Désormais.
Nous nous tenions face à face en silence, le soleil au zénith.
Quelques secondes, qui me semblèrent interminables, s’écoulèrent. Il avait changé. Il paraissait plus léger, comme s’il n’avait aucun effort à fournir pour supporter une vie qui serait insoutenable pour quiconque serait accablé par sa conscience.
Mon regard restait fixé sur lui et je sentis une vague de chaleur s’emparer de moi. Il prit la parole.
« Ça fait un bail. »
Je ne répondis pas.
« L’épée du Pistolero… enfin, son pistolet… C’était un cadeau. »
Je restai silencieux alors que mon pouce caressait la gâchette qui était parfaitement accrochée à ma ceinture.
« C’était un cadeau pour toi… de ma part. »
La chaleur s’intensifiait. Elle se concentrait au niveau de mon thorax. J’avais eu l’impression d’être un lâche le jour où Jaren s’était éteint, et pendant de nombreuses phases lunaires après ça. Mais à ce moment précis, le feu de ma Lumière était la seule chose que je ressentais. L’autre tenta une nouvelle approche.
« Tu n’as rien à dire ? »
Il resta silencieux pour que ses mots fassent effet.

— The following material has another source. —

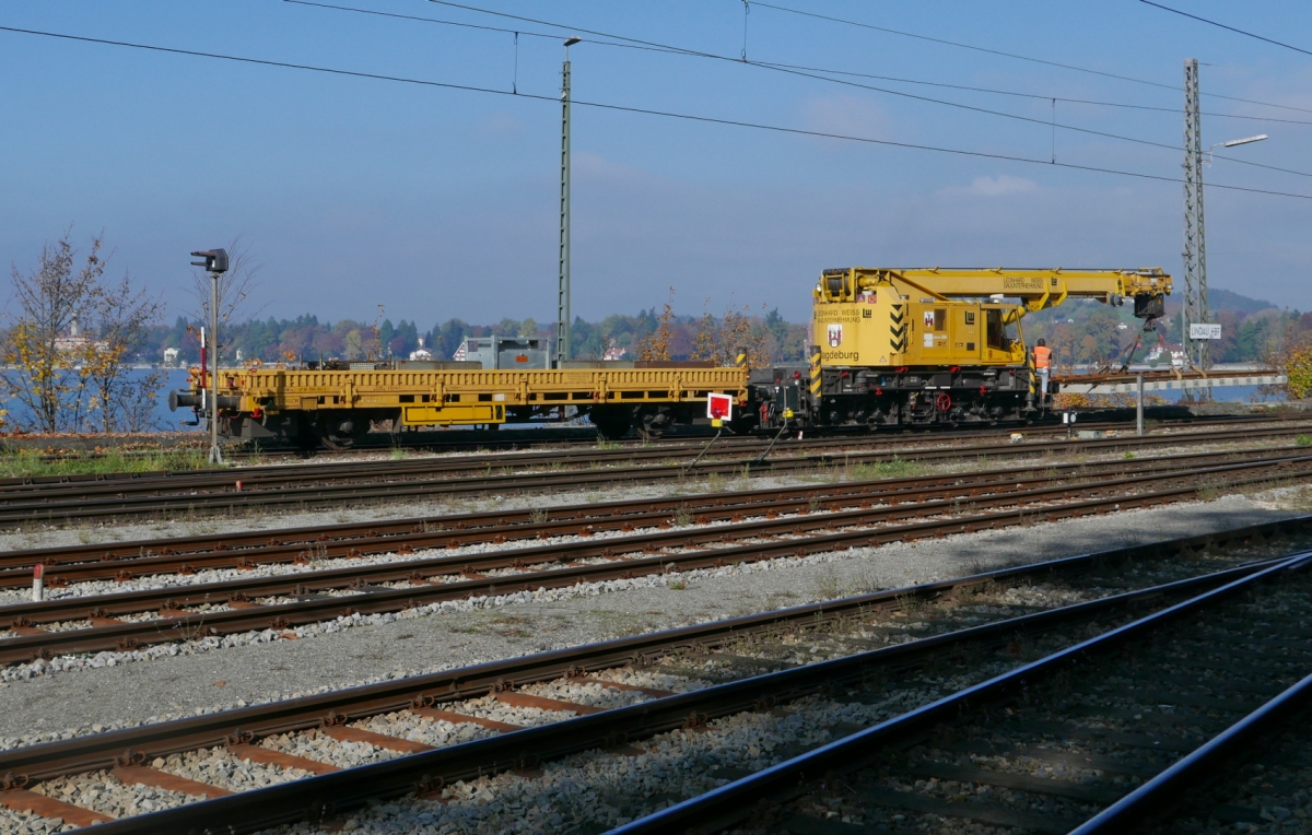 Weichenerneuerung auf dem Bodenseedamm in Lindau (|V) - Gleisbauschienenkran KRC 450 T 'Magdeburg' von Leonhard Weiss (97 82 52 501 19-9) setzt am 29.10.2016 ein Weichenteil in die vorbereitete Stelle ein.

« Ça fait longtemps que je t’attends, et que j’attends ce jour. »
Ses tentatives pour faire la conversation semblaient triviales, en comparaison avec tout ce qui s’était passé jusqu’ici.
« Bien des fois, j’ai cru que tu avais échoué. Que tu avais renoncé… »
Je revis défiler devant mes yeux tout ce que j’avais perdu et tous ceux qui avaient souffert, entrecoupés par l’image d’une silhouette obscure qui marchait en direction d’un garçon faible, terrifié et lâche.
Le feu brûlait en moi.
L’inconnu reprit. « Mais tu es là. L’heure des dernières paroles est venue… »
Pendant que sa langue articulait ces syllabes, ma main se porta vers mon arme comme si elle était possédée de sa propre volonté. Mes réflexes et mon intention s’allièrent à ma colère, ma concentration, et ce besoin oppressant d’en finir, justement. Tout en bougeant, le feu qui brûlait en moi se concentra à travers mon épaule et jusqu’à ma main, alors que mes doigts se rapprochaient de la détente du pistolet de mon troisième père.
Deux tirs. Deux balles cernées d’un éclat colérique.
Il tomba.
Je marchai jusqu’à son corps. Il n’avait même pas levé son satané Chardon, le pistolet dentelé répugnant. Je regardai le corps de l’homme qui avait tant de fois semé la mort.
Ma Lumière embrasait toujours mon arme. La tristesse m’envahit. Je repensai au bon vieux temps. À Palamon. À Jaren.
Je remontai le canon de mon arme au niveau du casque de l’homme, et je rendis un dernier hommage à mon mentor, mon sauveur, mon père et mon ami.
« Les tiennes, pas les miennes. »
Et je resserrai ma prise pour que le pistolet de Jaren, le mien, puisse avoir le dernier mot.